In a briefing paper to former health minister Pete Hodgson, issued by the ministry last year, officials said there was "sufficient evidence of safety and efficacy of cannabis in some medical conditions" to support consideration of compassionate, controlled use.
A group of medicinal cannabis users presented a petition with 3000 signatures to the health select committee in July, urging law reform for medical purposes.
Billy McKee, who appeared before the committee and is the director of GreenCross, a patients' medicinal cannabis support group, said patients who used cannabis medicinally faced many risks in buying it on the black market.
He smoked cannabis to control chronic nerve pain dating from car crash injuries sustained 15 years ago and would welcome Sativex if he could "easily access and afford it".
But he believed users could face costs of $150 to $300 weekly as it was not subsidised by Pharmac.
Mr McKee said users faced obstacles growing the drug, including arrest.
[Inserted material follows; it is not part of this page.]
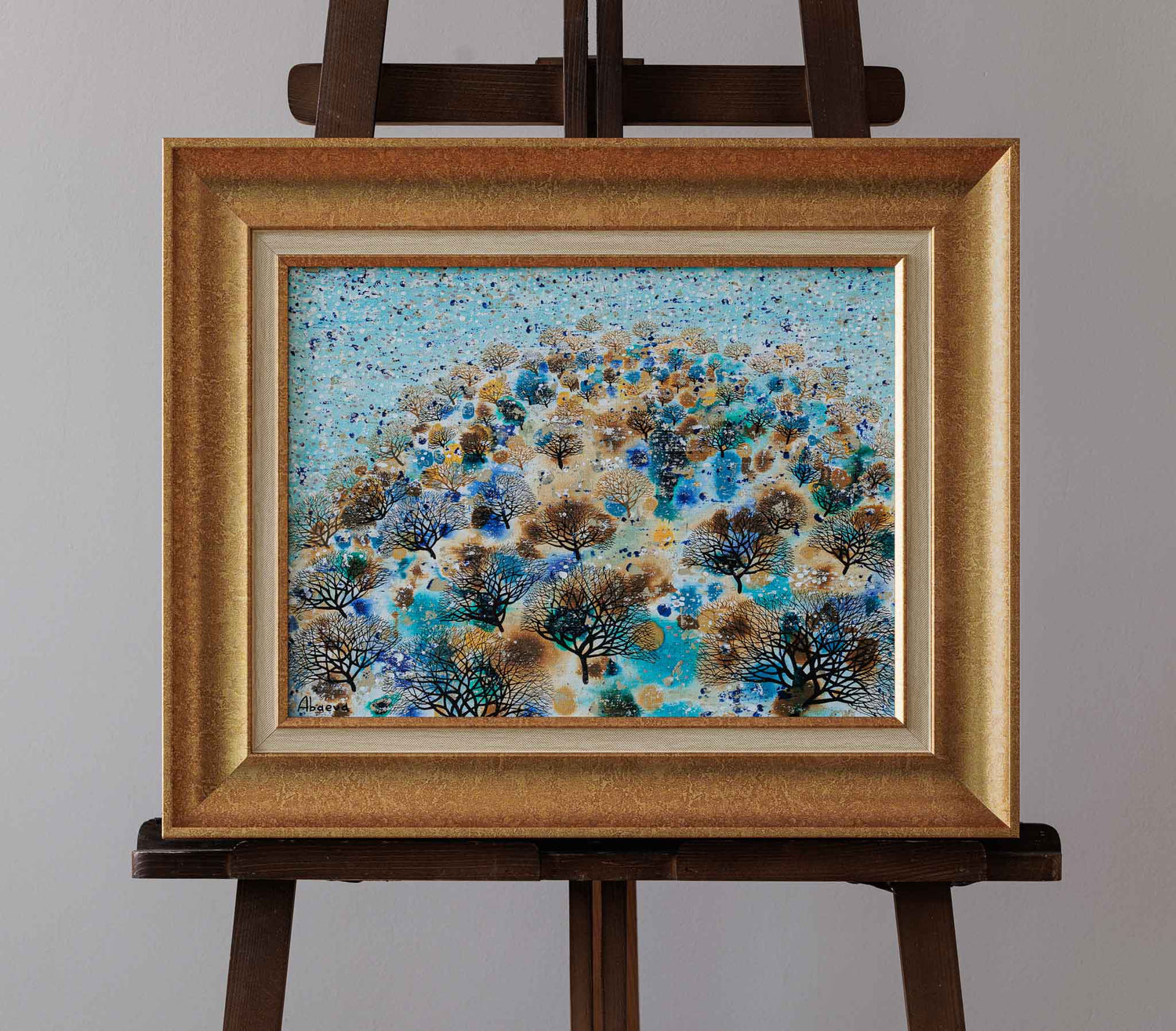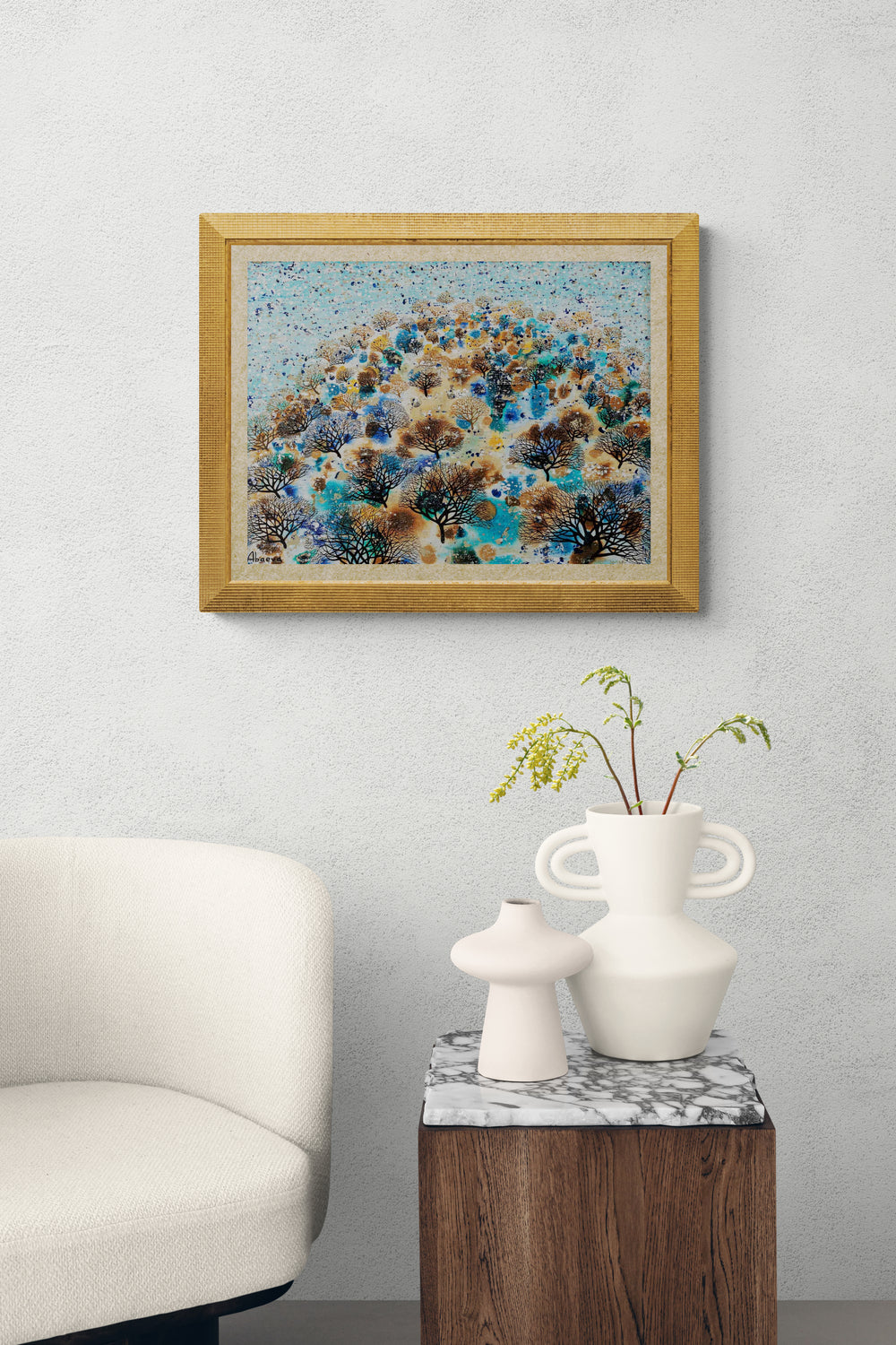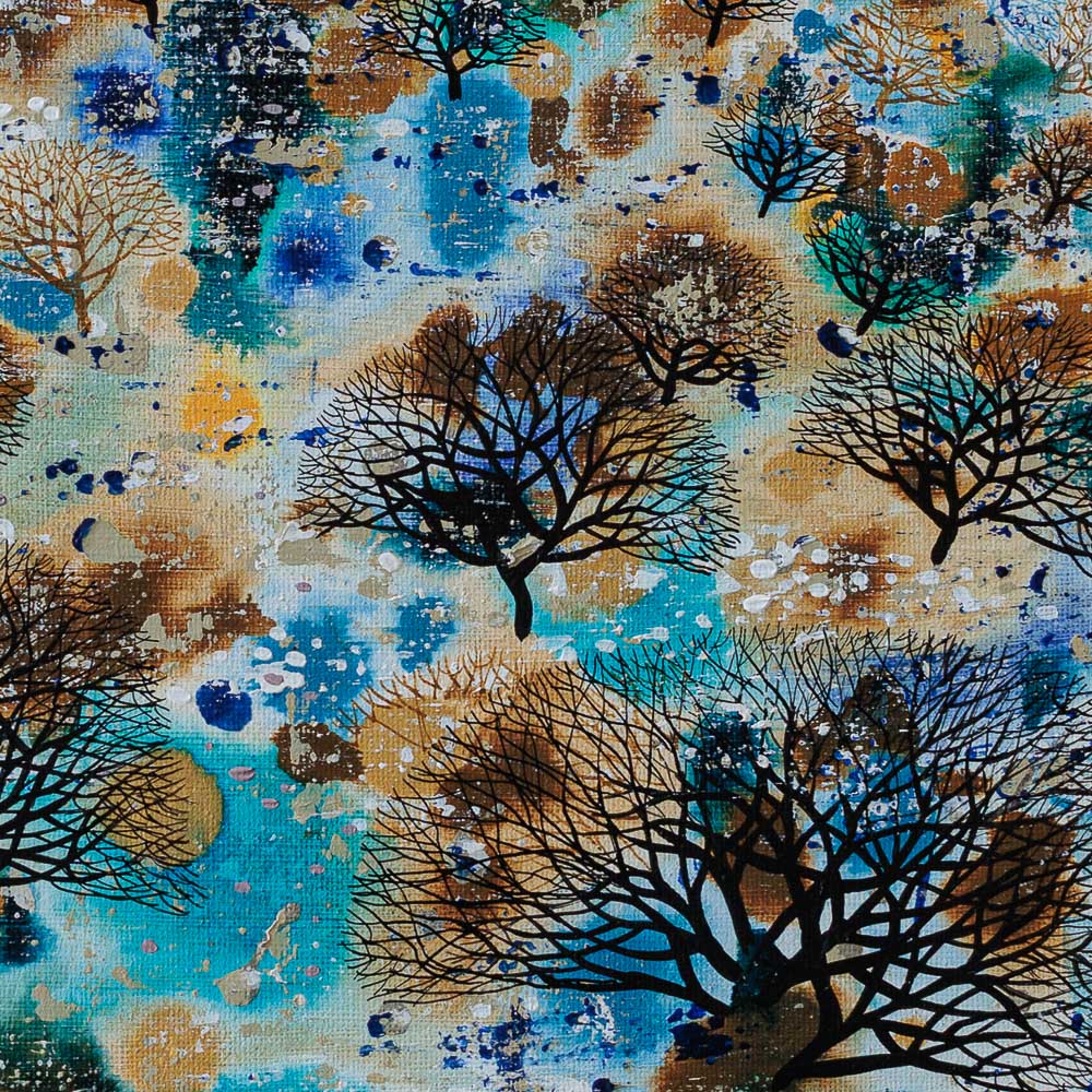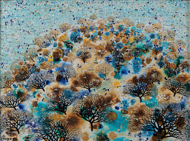 Деликатна и ефирна картина, която улавя тишината и магията на първия сняг. В композицията се преплитат топли земни тонове и свежи сини акценти, а стилизираните дървета създават усещане за ритъм и дълбочина. Абстрактната техника на Наталия Абаева придава мечтателен характер на зимния пейзаж – чудесен избор за почитателите на поетичната атмосфера в съвременното изкуство.

His home had been burgled 20 times by thieves trying to remove plants.
Multiple Sclerosis Society national director Graham Billings said the agency supported the use of Sativex in New Zealand. "But until it's been made legal we can't really comment."
Otago University Pharmacology professor Paul Smith said the drug, which contained two cannabis strands - THC and cannabidiol - would not work for all chronic pain sufferers but initial results in multiple sclerosis patients showed about 30 per cent success, including reducing symptoms in some patients.
He believed the evidence was compelling and the drug should be allowed as, unlike cannabis plant and oil, it did not have to be smoked.
"The fact that it happens to be cannabis, from a pharmacologist point of view, is irrelevant."
GW Pharmaceuticals could not be contacted yesterday. In its application to Medsafe it says that in therapeutic doses, Sativex may produce side-effects "interpreted as a euphoria or cannabis-like high".